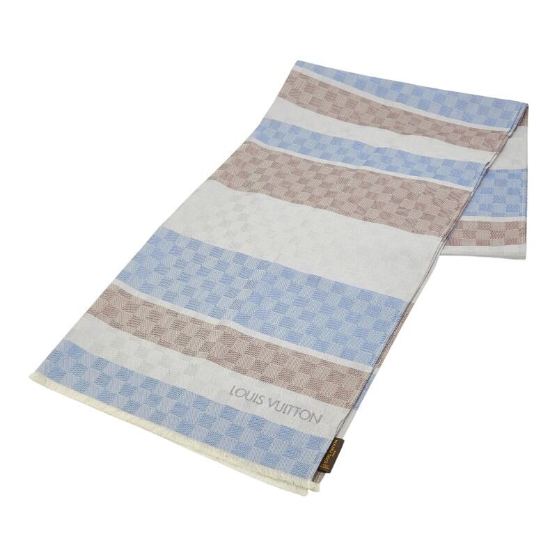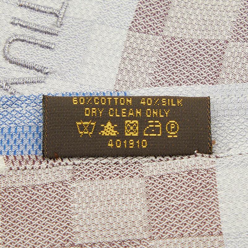 ルイ ヴィトン ダミエ 大判スカーフ ストール 401910 ブラウン ゴールド シルク ウール レディース LOUIS VUITTON 【中古】
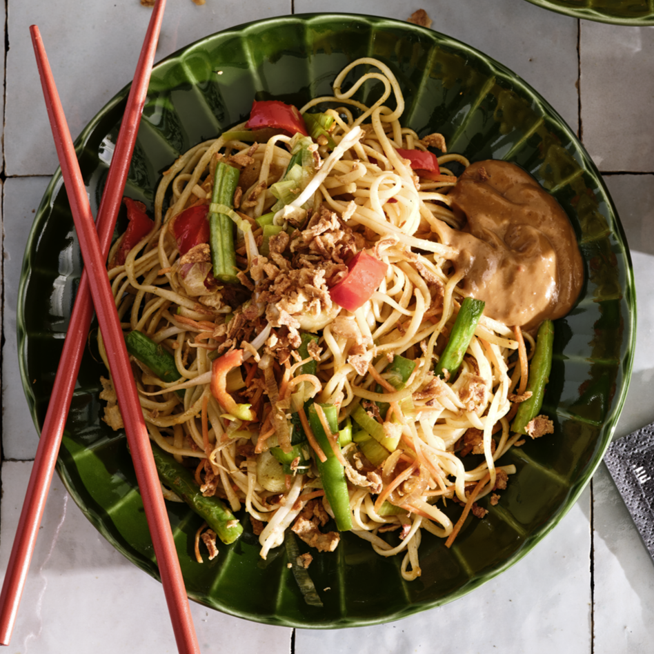 Ontdek de unieke Fryske twist in onze bami, gemaakt met seizoensgroenten en huisgemaakte pindadip. Zowel vega met roergebakken tofu in ketjapsaus als met kip ketjap te verkrijgen.
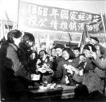 群眾踴躍購(gòu)買公債,支持國(guó)家建設(shè)。(1956年)
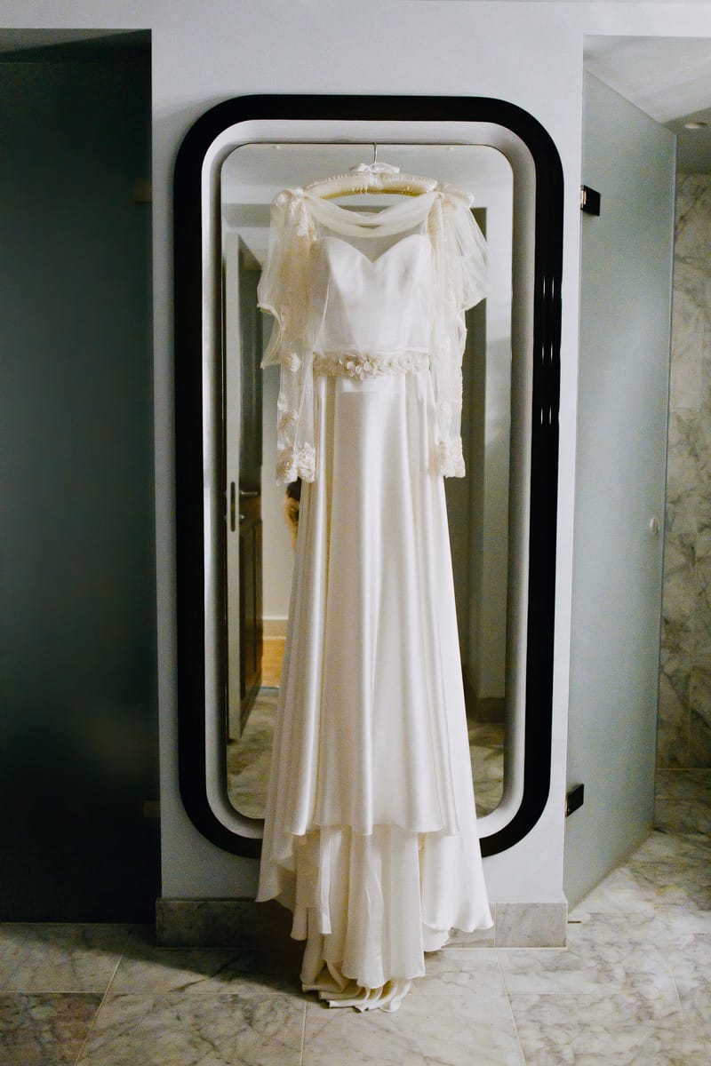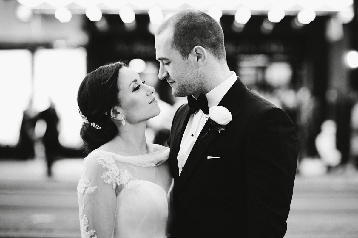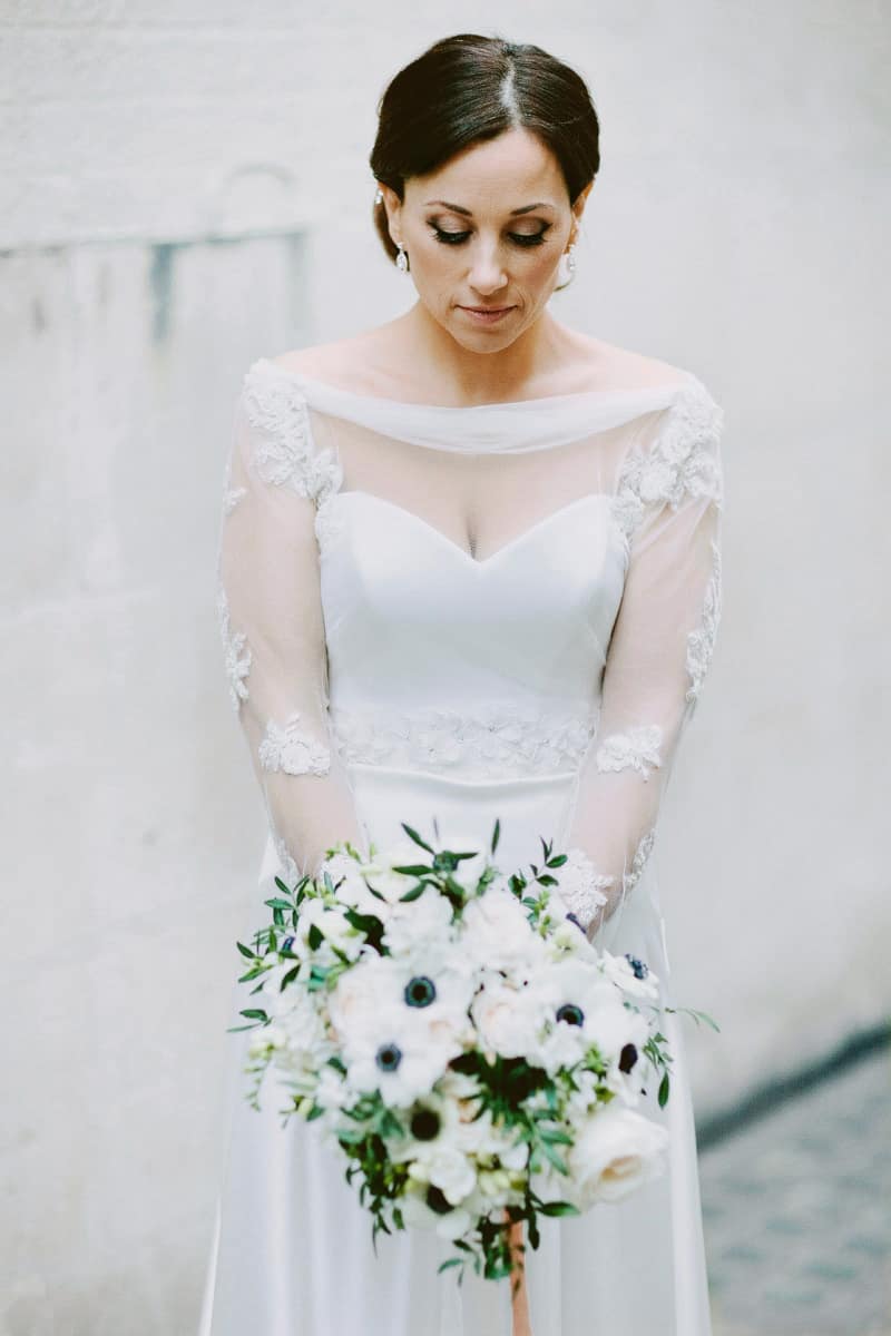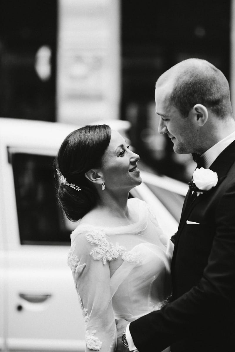 My dress was from Suzanne Neville. I had a custom lace top created for the day, which I removed in the evening and added a customised diamante black belt instead. Glamorous, luxurious and cut to fit, I instantly knew that my dress was the perfect choice for our black-tie city wedding.

----------------

Every line above gets copied exactly; none of the pictures do.

 ルイ ヴィトン ダミエ 大判スカーフ ストール 401910 ブラウン ゴールド シルク ウール レディース LOUIS VUITTON 【中古】
 Ontdek de unieke Fryske twist in onze bami, gemaakt met seizoensgroenten en huisgemaakte pindadip. Zowel vega met roergebakken tofu in ketjapsaus als met kip ketjap te verkrijgen.
 群眾踴躍購(gòu)買公債,支持國(guó)家建設(shè)。(1956年)
 My dress was from Suzanne Neville. I had a custom lace top created for the day, which I removed in the evening and added a customised diamante black belt instead. Glamorous, luxurious and cut to fit, I instantly knew that my dress was the perfect choice for our black-tie city wedding.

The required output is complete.